Hundreds of Hong Kong students yesterday marched through the heart of the financial center, chanting pro-democracy slogans ahead of a planned blockade of government buildings if the territory’s leader fails to discuss their demands for free elections.
Others remained in Tamar Park flanking the Legislative Council, where they sat in temperatures of up to 30oC, listening to lectures by sympathetic academics in the middle of a week-long class boycott.
Beijing last month rejected demands for people to freely choose the territory’s next leader in 2017, insisting that candidates have to be pre-screened, prompting threats from pro-democracy activists to shut down Central business district.
Photo: Reuters
Hong Kong Chief Executive Leung Chun-ying (梁振英) declined to discuss the students’ demands with them on Tuesday, prompting Federation of Students leader Alex Chow (周永康) to set a 48-hour deadline, saying the students would surround and paralyze key government buildings if he did not face them.
“We must fight back, democracy now,” student leader Lester Shum (岑敖暉) shouted yesterday. “Hong Kong is my home ground, [Beijing] is not representing me.”
About two dozen police stood guard outside Leung’s offices, where barriers were in place.
“We urge all Hong Kong residents to join us for the Oct. 1 banquet and peacefully Occupy Central,” said Lau Ka-yee (劉家儀), a member of a women’s association and a spokeswoman for the Liu Xia Concern Group, who joined the student march, referring to China’s National Day holiday.
“Hong Kong is my place,” she said. “Democracy is in my hands.”

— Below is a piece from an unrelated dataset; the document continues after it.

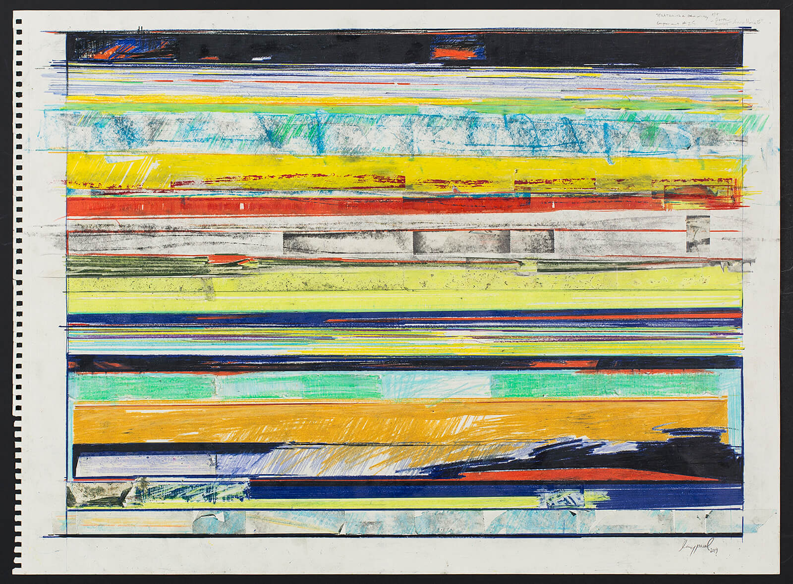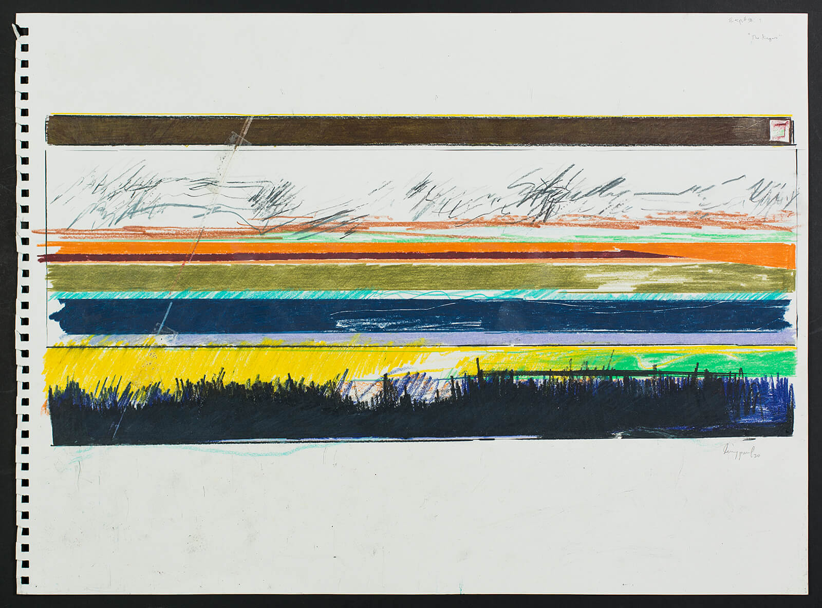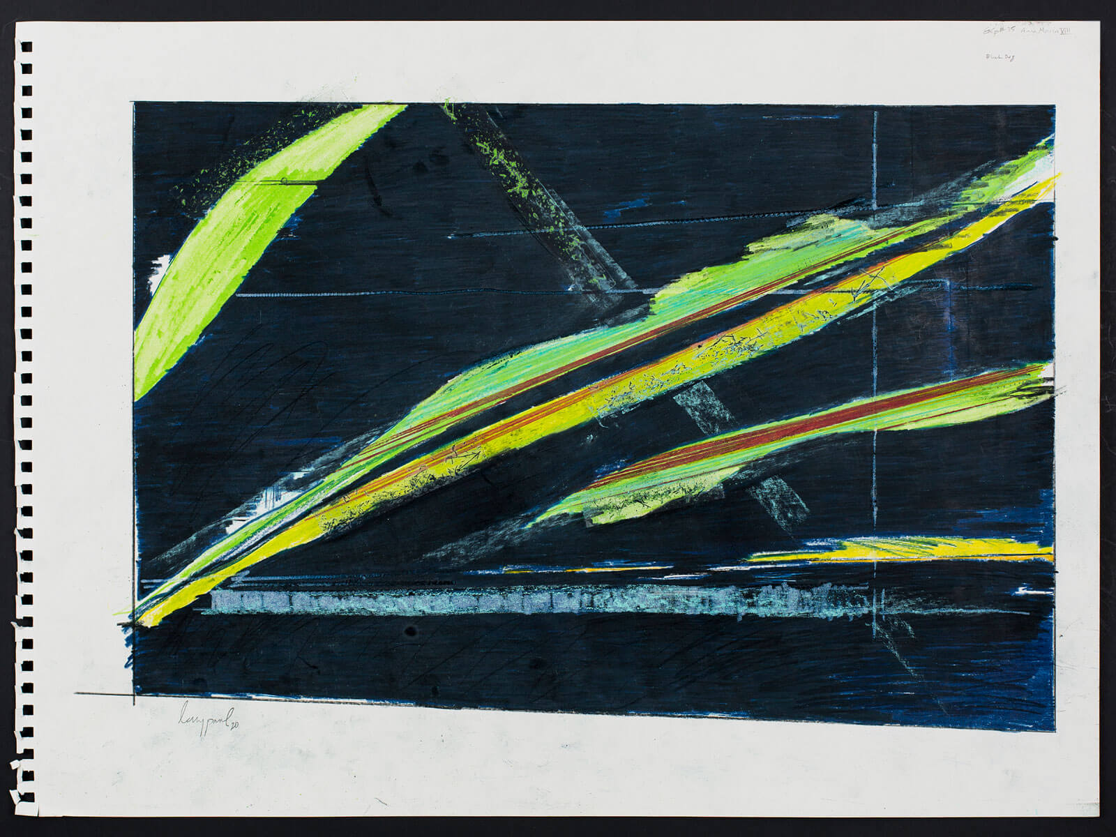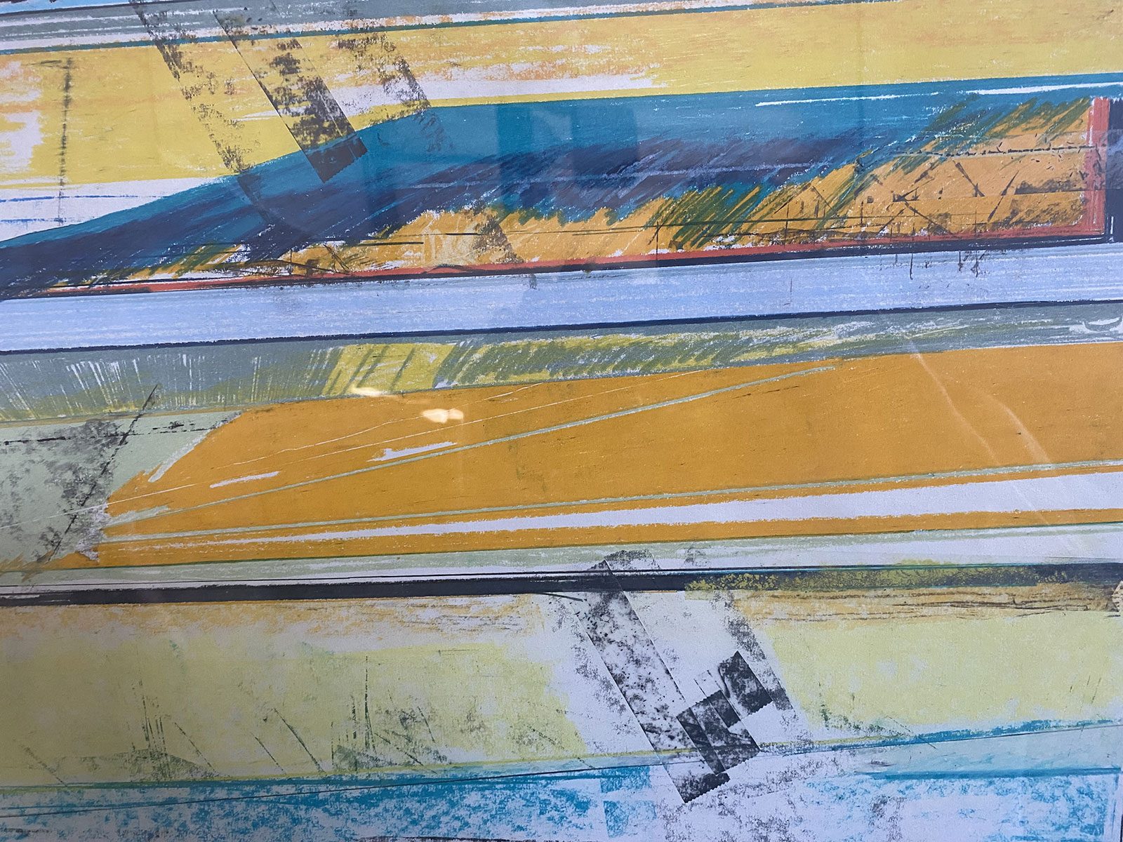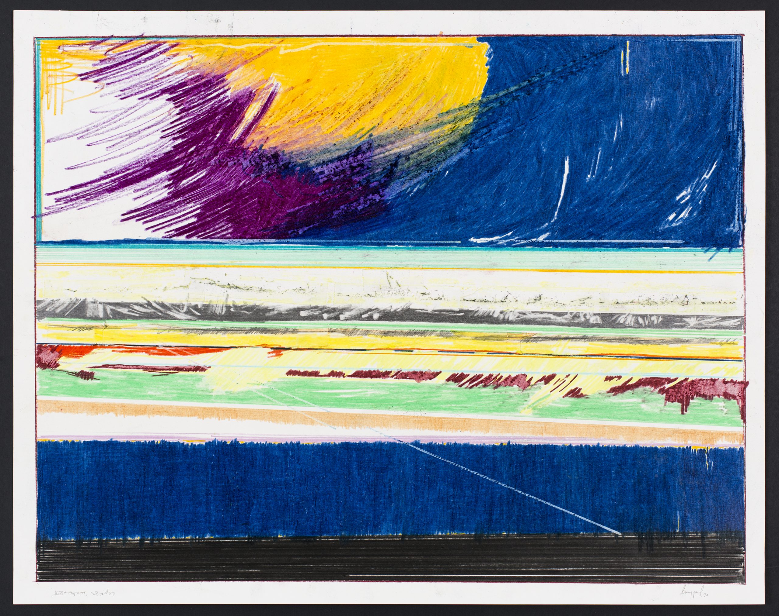 Personal, yet open and outwardly expressive, the Sunsets series presents an abstract expressionistic quality with an overlapping and abutting color technique that contrasts and brings the movements together at the same time. The typical colors are easily inspired by a wild brilliance offered by the mix of sunsets, storms, and open blue and green water. There is a rather “angry” application method in creating these artworks as noted in some frenzy of the pencil strokes, yet anger and calm can be appreciated together. The beauty of a fishing village often combines its aged infrastructure with the beauty and color of sunsets and the water vessels that are found within them in what becomes a creatively expressed scene or seascape.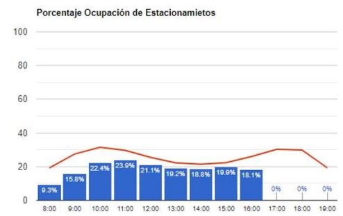 En este mes los 30 inspectores del cuerpo municipal lograron fiscalizar las 353 cuadras y según los datos del sistema la ocupación principal (alrededor de 38%) se da entre las 11 y 12 del mediodía.

Occupy co-founder Benny Tai (戴耀廷), an associate professor of law at the University of Hong Kong, hinted earlier this week that the takeover of Central could begin on Wednesday next week, when much of the district will be empty.
“While others are celebrating the big day of the country, we will set up a grand banquet in Central to fight for Hong Kong’s democracy,” he wrote in the Apple Daily, a comment that local media widely tipped as a reference to next Wednesday.
The former British colony’s relationship with Beijing has become increasingly fraught in recent months as activists push for freedoms they believe are theirs under the “one country, two systems” formula.
Confidence in Beijing’s “one country, two systems” is at the lowest it has been since the University of Hong Kong’s public opinion program began tracking the issue in 1993, it said in a survey released on Tuesday.
More than half, or 56 percent, of the 1,000 people in Hong Kong surveyed by telephone this month said they had “no confidence” in the system.